I’ve just built Panda 1.7 .deb package on my Ubuntu 9.04 box. Compilation went relatively fine (except for problems with fftw, tinyxml and rvnp - which I ended up disabling), installation also, but now when I try to run my Panda project I am getting this strange error:
DirectStart: Starting the game.
:display(warning): Unable to load: /usr/lib/panda3d/libtinydisplay.so: undefined symbol: XF86DGADirectVideo
and then:
StandardError: No graphics pipe is available!
Your Config.prc file must name at least one valid panda display
library via load-display or aux-display.
I’ve checked and definatelly have pandagl display enabled in my Config.prc. Did someone stumble upon this before? Any help will be greatly appreciated!
Did you build using makepanda? It sounds like it incorrectly auto-detected that your X11 system has the XF86DGA extensions installed, when in fact you don’t.
Alternatively, try installing the libxxf86dga1 package. Also, the latest CVS version of Panda now correctly detects if that library exists on the system, I think. The advantage of building with HAVE_XF86DGA is that you enable support for relative mouse mode on linux.
One thing that surprises me is that Panda tried to load tinydisplay in the first place - as this is a software renderer. It should actually be loading pandagl, which is an OpenGL renderer.
In any case, all of those linking issues should have been fixed a few days ago on Panda CVS. If not, please let me know.

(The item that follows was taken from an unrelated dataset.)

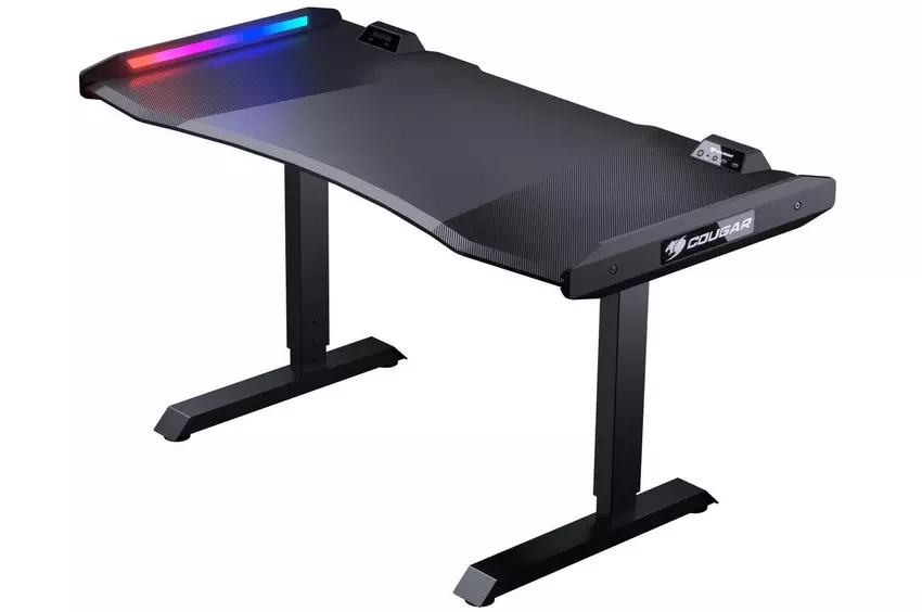 Der Tisch kann bis zu 150 kg tragen. Sie können einen schweren Computer, einen Ultrabreitbildmonitor, einen Laptop und eine ganze Reihe von Spielgeräten darauf stellen - und haben immer noch einen großen Sicherheitsabstand. Die Beschichtung der Tischplatte aus Kohlefaser (Carbon) lässt sie beeindruckend aussehen und ist abriebfest. Für schnelle Konnektivität gibt es ein paar USB-Typ-A-Anschlüsse, Audiobuchsen und eine RGB-Hintergrundbeleuchtung, die mit Ihrem PC synchronisiert werden kann.
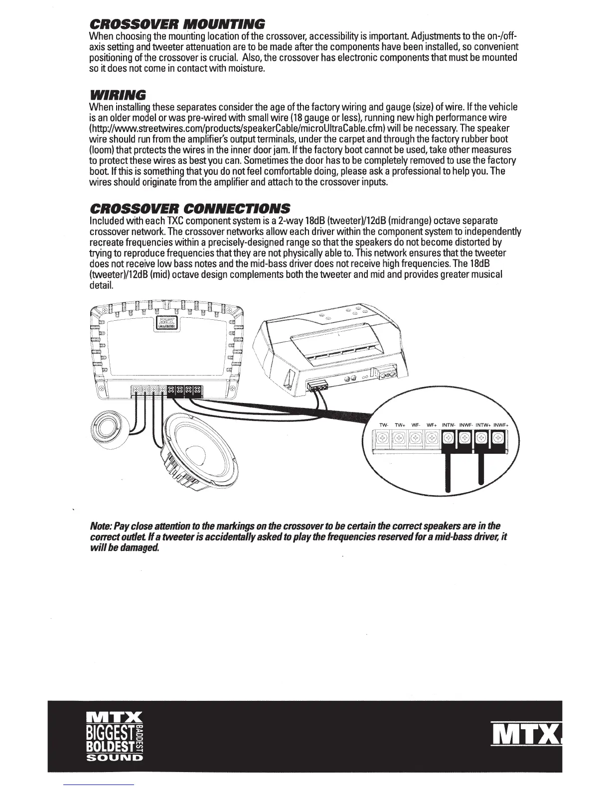 MTX TXC6.1 - CROSSOVER MOUNTING; WIRING; CROSSOVER CONNECTIONS

Actually, Panda tried to load OpenGL one first, but when it failed, I manually changed it to Tiny just to test if I will get the same error. Sorry for the confusion.
@pro-soft: The code I was compiling yesterday was the latest checkout from CSV. Did anything changed today that fixed the problem with DGA discovery??
No, I think we’re talking about changes from the day before yesterday. But upon further inspection, I now see what was causing the problem - it probably indeed detected the absence of the library, but didn’t update dtool_config accordingly. So it’s indeed a bug in makepanda.
What is interesting: I’ve just checked: I actually have all DGA related packages installed in Ubuntu. Including -dev ones. Do I need anything more except from standard Ubuntu packages to make it work? Maybe I need to compile something up and put in third party folder?
Er, then it must be a linking issue. But, as of a few days ago, I’m 100% sure that xf86dga is linked into libtinydisplay and libpandagl.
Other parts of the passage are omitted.